_Entries provided:_

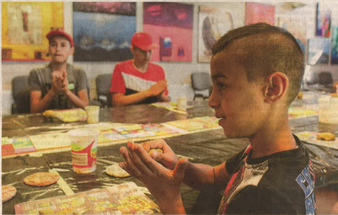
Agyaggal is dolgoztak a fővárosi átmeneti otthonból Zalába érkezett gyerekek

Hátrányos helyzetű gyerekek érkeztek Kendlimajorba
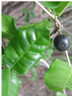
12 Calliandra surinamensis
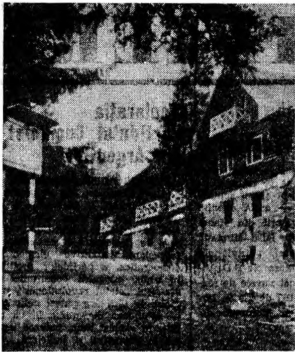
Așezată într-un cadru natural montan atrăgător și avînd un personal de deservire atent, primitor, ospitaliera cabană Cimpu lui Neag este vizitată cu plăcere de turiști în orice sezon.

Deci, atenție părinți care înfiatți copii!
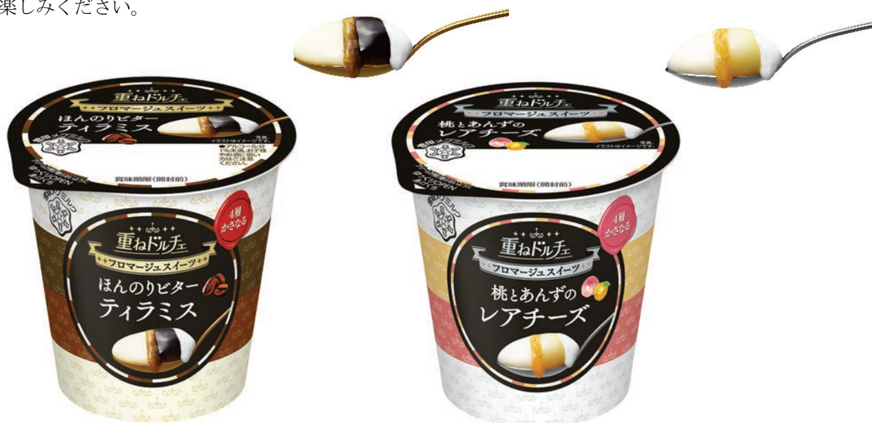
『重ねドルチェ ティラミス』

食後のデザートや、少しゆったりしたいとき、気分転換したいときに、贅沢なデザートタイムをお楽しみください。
* * *
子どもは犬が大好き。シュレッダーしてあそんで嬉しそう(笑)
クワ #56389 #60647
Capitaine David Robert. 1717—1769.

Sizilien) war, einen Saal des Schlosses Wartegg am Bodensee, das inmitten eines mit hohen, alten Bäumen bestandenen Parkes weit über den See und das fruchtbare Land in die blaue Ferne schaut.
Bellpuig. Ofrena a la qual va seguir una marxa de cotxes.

_What to produce:_ Going back to the entries above, set down exactly the lines that begin at the one with "クワ #56389 #60647" and end at the one with "Sizilien) war, einen", both included, and nothing else.

_Answer box:_
クワ #56389 #60647
Capitaine David Robert. 1717—1769.

Sizilien) war, einen Saal des Schlosses Wartegg am Bodensee, das inmitten eines mit hohen, alten Bäumen bestandenen Parkes weit über den See und das fruchtbare Land in die blaue Ferne schaut.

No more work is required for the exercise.